[Records for the exercise]
=== Section Start ===
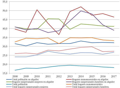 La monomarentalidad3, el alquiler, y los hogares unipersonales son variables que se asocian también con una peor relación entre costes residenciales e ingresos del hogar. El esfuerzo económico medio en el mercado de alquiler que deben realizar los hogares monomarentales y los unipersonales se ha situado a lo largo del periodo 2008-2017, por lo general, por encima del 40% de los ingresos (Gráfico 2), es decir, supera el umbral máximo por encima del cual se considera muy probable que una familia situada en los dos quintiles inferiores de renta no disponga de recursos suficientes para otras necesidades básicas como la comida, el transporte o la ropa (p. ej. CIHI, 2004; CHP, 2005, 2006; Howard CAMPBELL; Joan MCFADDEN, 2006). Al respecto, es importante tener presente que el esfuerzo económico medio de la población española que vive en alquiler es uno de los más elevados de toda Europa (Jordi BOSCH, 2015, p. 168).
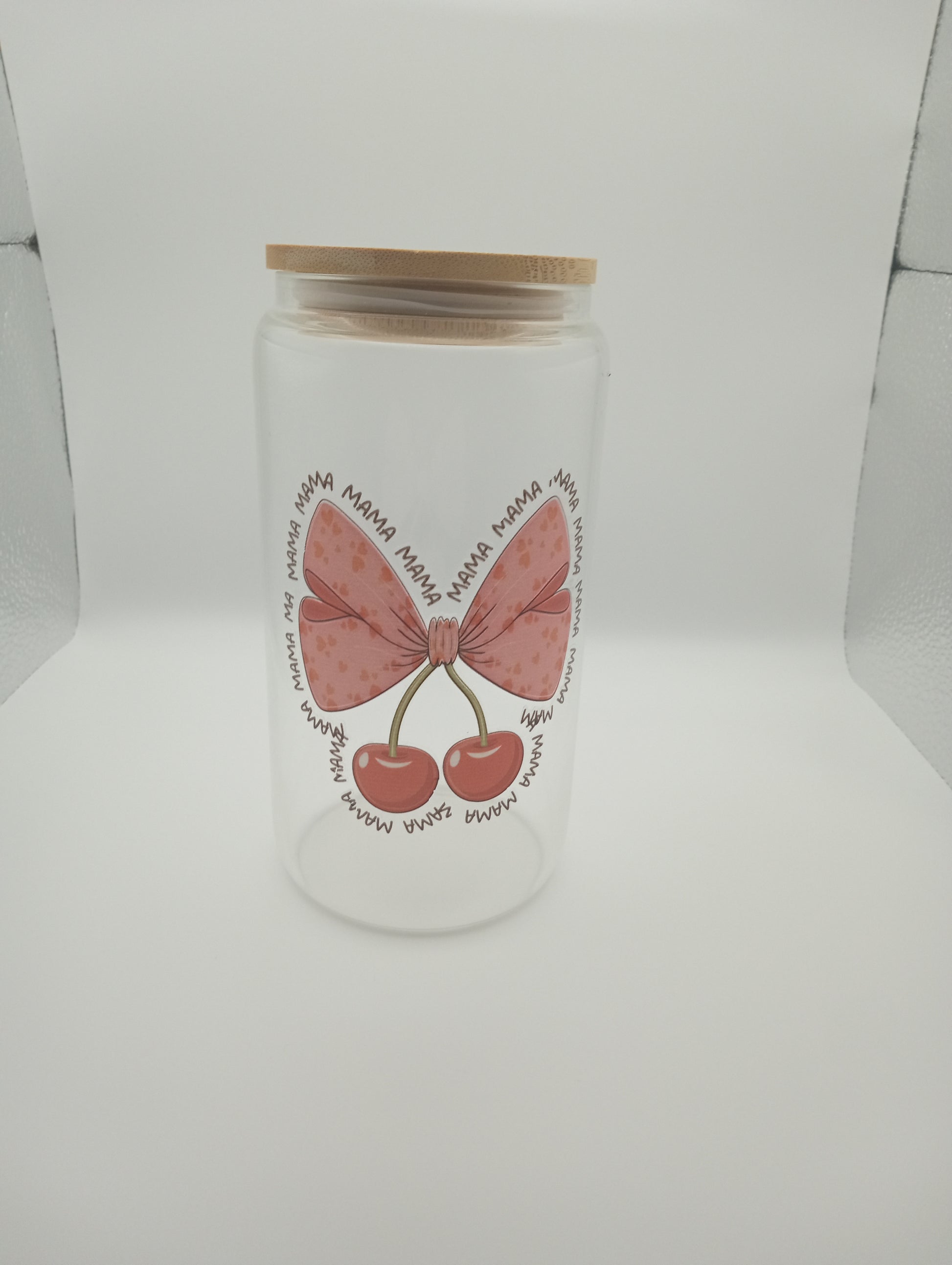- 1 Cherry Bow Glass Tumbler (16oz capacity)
=== Section End ===
=== Section Start ===
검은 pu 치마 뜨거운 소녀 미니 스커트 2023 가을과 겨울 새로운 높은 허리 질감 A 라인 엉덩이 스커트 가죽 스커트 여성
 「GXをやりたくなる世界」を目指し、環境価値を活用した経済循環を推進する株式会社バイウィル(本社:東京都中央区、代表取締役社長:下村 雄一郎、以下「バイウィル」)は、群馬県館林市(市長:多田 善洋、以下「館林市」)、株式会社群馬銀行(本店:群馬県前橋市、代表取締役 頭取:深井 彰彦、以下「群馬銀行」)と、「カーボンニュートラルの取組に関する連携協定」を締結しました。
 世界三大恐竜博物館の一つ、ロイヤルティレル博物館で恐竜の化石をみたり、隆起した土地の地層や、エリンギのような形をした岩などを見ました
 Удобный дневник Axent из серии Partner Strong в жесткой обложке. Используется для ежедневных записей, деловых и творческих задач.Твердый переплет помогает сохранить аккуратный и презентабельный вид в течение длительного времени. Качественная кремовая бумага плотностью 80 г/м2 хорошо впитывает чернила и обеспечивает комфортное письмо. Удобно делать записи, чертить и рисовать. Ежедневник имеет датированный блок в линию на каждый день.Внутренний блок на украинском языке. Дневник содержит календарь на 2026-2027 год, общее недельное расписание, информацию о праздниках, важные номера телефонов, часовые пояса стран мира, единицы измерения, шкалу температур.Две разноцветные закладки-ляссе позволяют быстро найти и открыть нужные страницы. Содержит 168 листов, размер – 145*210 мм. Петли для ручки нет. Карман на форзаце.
=== Section End ===
=== Section Start ===
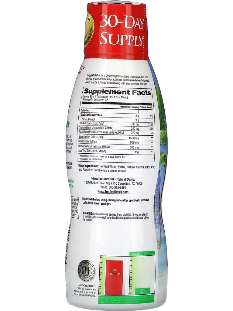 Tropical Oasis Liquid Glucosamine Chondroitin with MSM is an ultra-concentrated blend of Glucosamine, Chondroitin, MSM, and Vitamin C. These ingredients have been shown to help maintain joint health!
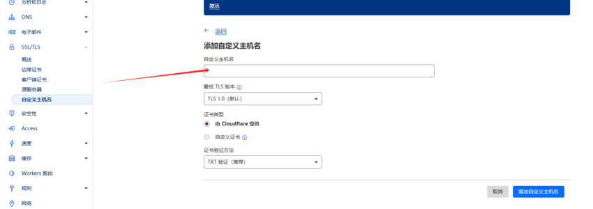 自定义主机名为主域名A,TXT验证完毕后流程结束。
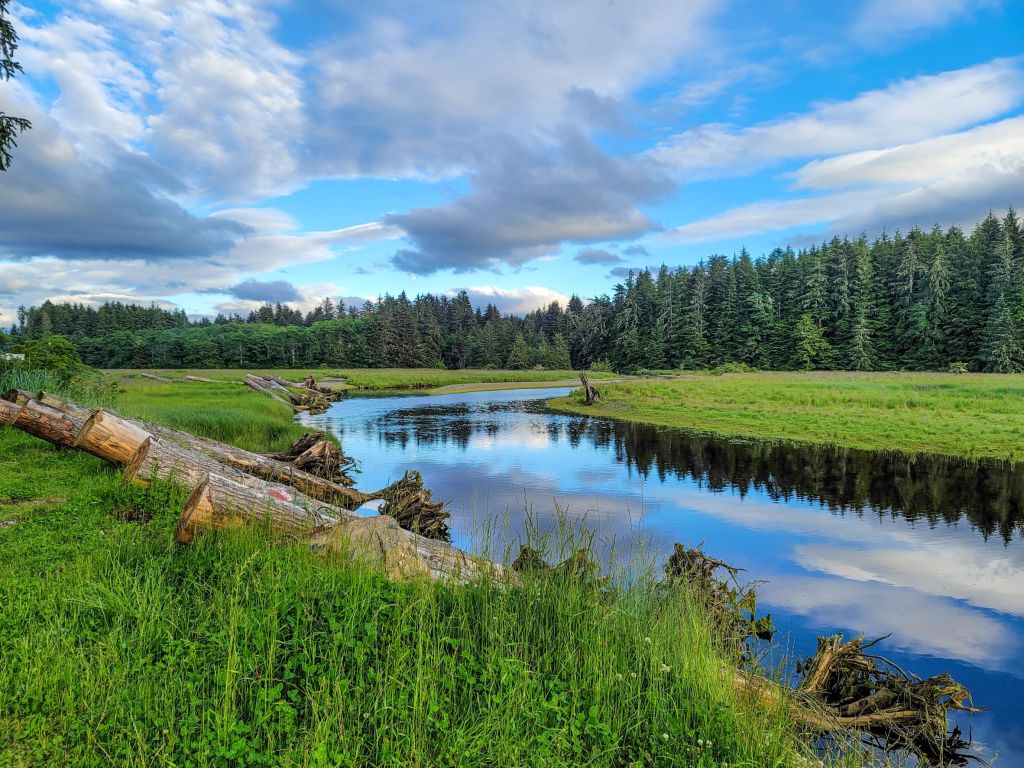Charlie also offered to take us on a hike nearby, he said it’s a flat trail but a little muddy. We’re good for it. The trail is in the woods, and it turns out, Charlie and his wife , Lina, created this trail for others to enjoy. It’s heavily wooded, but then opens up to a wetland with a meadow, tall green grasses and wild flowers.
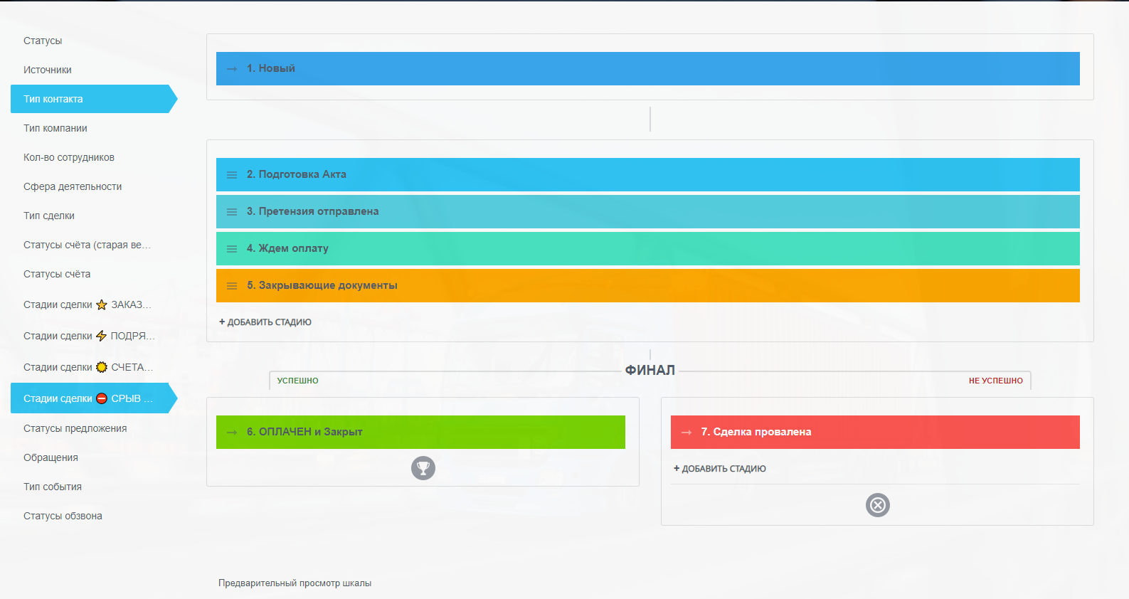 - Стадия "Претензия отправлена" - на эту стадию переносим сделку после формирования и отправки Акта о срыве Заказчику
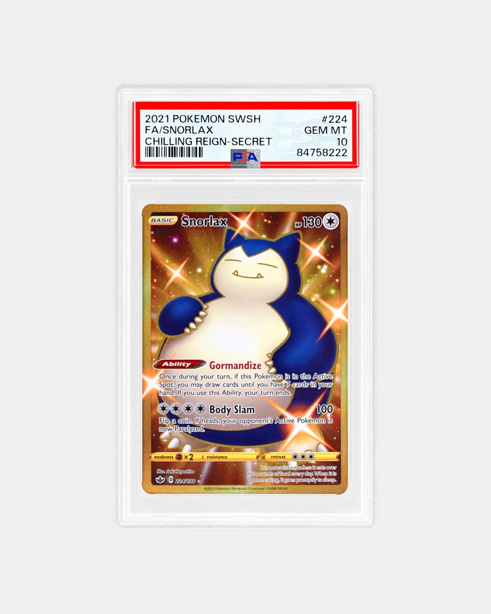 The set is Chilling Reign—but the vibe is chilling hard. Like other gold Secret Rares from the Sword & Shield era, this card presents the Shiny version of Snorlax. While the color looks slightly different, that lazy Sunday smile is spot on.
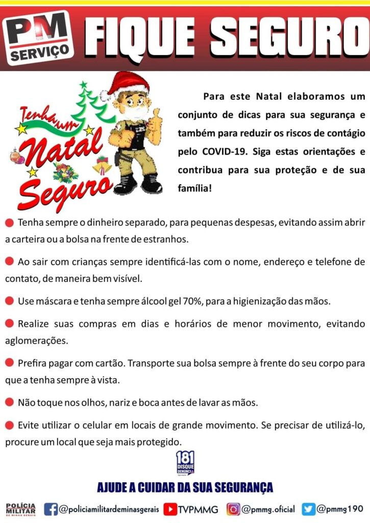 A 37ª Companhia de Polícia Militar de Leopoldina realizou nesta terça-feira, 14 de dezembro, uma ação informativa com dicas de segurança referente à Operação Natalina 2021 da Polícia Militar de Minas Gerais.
=== Section End ===
[Action item] Please give back exactly the lines of this listing beginning at the line with "검은 pu 치마 뜨거운" and ending with the line with "Удобный дневник Axent", both included, and nothing else.

[Response box]
검은 pu 치마 뜨거운 소녀 미니 스커트 2023 가을과 겨울 새로운 높은 허리 질감 A 라인 엉덩이 스커트 가죽 스커트 여성
 「GXをやりたくなる世界」を目指し、環境価値を活用した経済循環を推進する株式会社バイウィル(本社:東京都中央区、代表取締役社長:下村 雄一郎、以下「バイウィル」)は、群馬県館林市(市長:多田 善洋、以下「館林市」)、株式会社群馬銀行(本店:群馬県前橋市、代表取締役 頭取:深井 彰彦、以下「群馬銀行」)と、「カーボンニュートラルの取組に関する連携協定」を締結しました。
 世界三大恐竜博物館の一つ、ロイヤルティレル博物館で恐竜の化石をみたり、隆起した土地の地層や、エリンギのような形をした岩などを見ました
 Удобный дневник Axent из серии Partner Strong в жесткой обложке. Используется для ежедневных записей, деловых и творческих задач.Твердый переплет помогает сохранить аккуратный и презентабельный вид в течение длительного времени. Качественная кремовая бумага плотностью 80 г/м2 хорошо впитывает чернила и обеспечивает комфортное письмо. Удобно делать записи, чертить и рисовать. Ежедневник имеет датированный блок в линию на каждый день.Внутренний блок на украинском языке. Дневник содержит календарь на 2026-2027 год, общее недельное расписание, информацию о праздниках, важные номера телефонов, часовые пояса стран мира, единицы измерения, шкалу температур.Две разноцветные закладки-ляссе позволяют быстро найти и открыть нужные страницы. Содержит 168 листов, размер – 145*210 мм. Петли для ручки нет. Карман на форзаце.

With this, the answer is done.